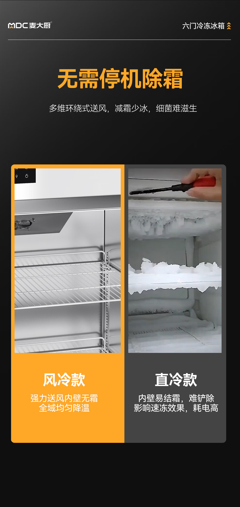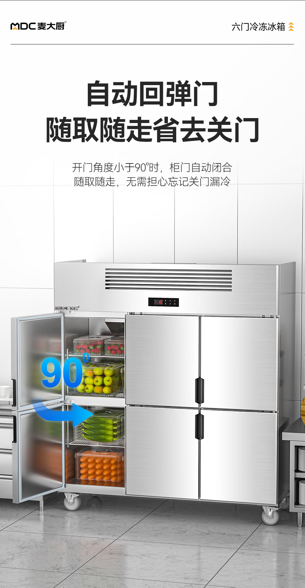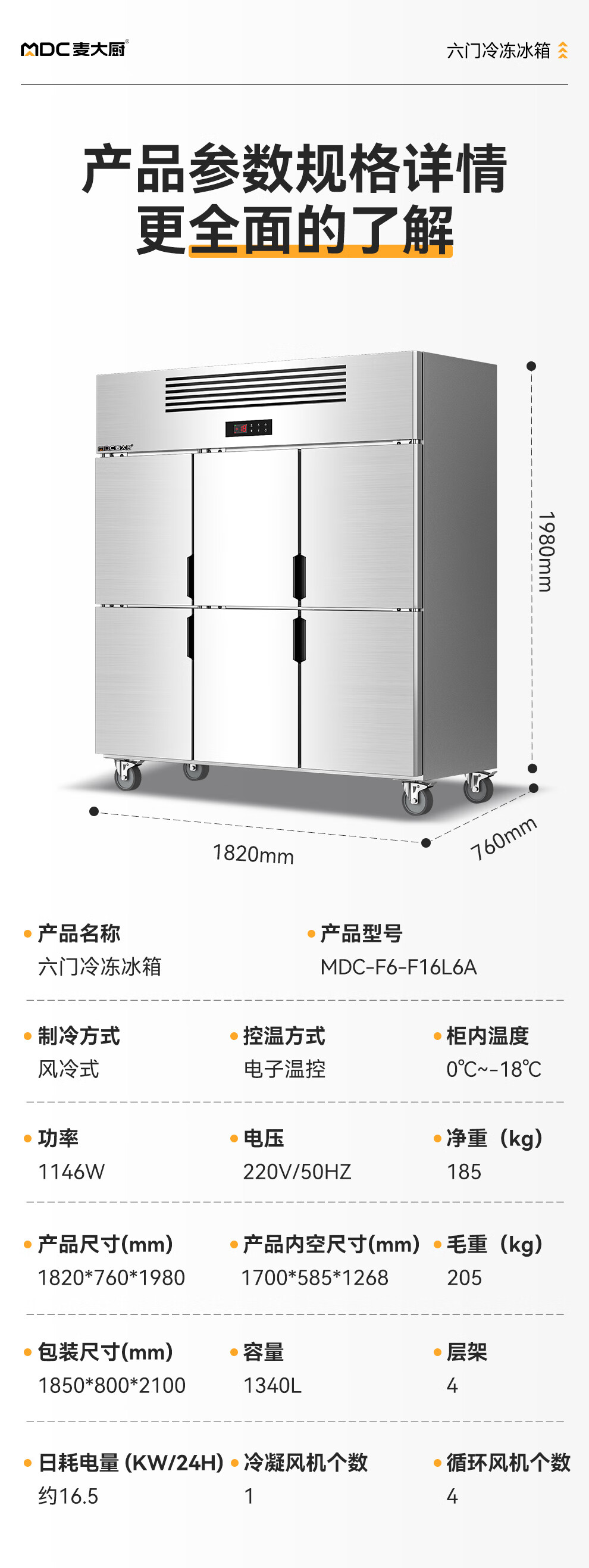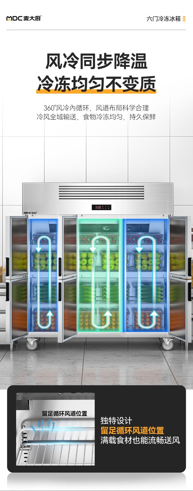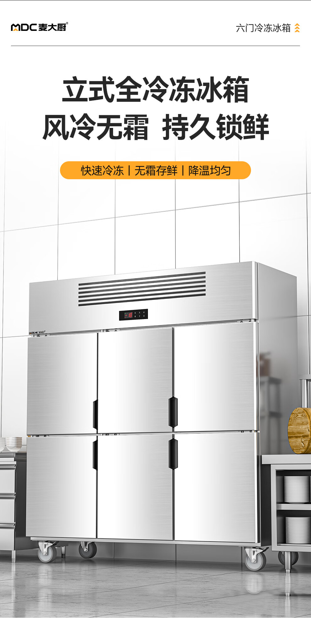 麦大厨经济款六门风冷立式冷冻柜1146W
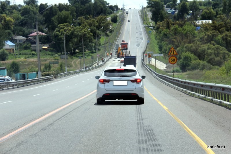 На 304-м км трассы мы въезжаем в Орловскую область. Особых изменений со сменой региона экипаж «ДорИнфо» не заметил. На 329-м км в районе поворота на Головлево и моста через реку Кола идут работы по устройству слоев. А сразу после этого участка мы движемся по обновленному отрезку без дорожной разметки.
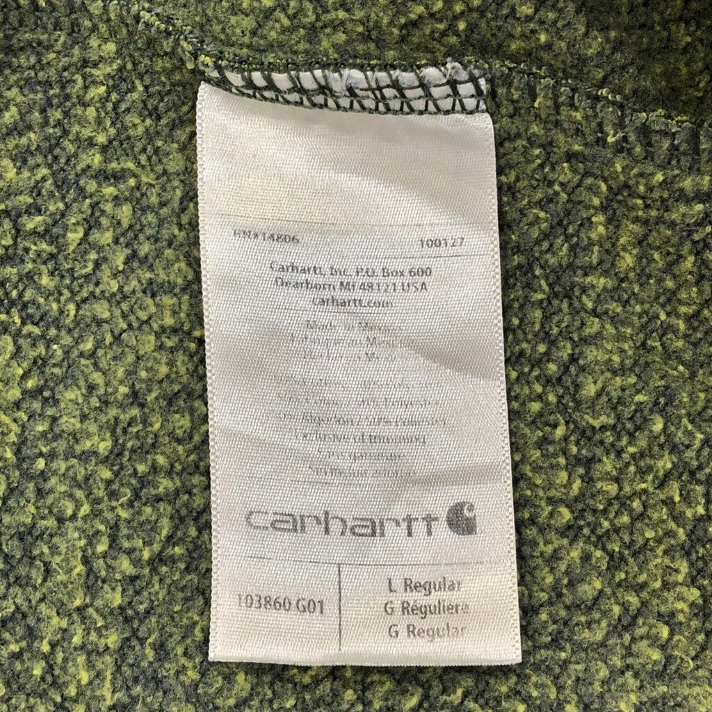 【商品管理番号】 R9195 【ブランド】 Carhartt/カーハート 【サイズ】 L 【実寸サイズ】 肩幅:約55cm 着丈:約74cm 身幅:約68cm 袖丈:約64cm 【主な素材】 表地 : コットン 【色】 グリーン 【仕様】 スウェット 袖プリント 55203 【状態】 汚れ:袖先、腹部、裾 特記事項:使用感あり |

__________

> **Brief**:
Down to the last line, reproduce the material above exactly; skip its images.

> **Reply**:
 麦大厨经济款六门风冷立式冷冻柜1146W
 На 304-м км трассы мы въезжаем в Орловскую область. Особых изменений со сменой региона экипаж «ДорИнфо» не заметил. На 329-м км в районе поворота на Головлево и моста через реку Кола идут работы по устройству слоев. А сразу после этого участка мы движемся по обновленному отрезку без дорожной разметки.
 【商品管理番号】 R9195 【ブランド】 Carhartt/カーハート 【サイズ】 L 【実寸サイズ】 肩幅:約55cm 着丈:約74cm 身幅:約68cm 袖丈:約64cm 【主な素材】 表地 : コットン 【色】 グリーン 【仕様】 スウェット 袖プリント 55203 【状態】 汚れ:袖先、腹部、裾 特記事項:使用感あり |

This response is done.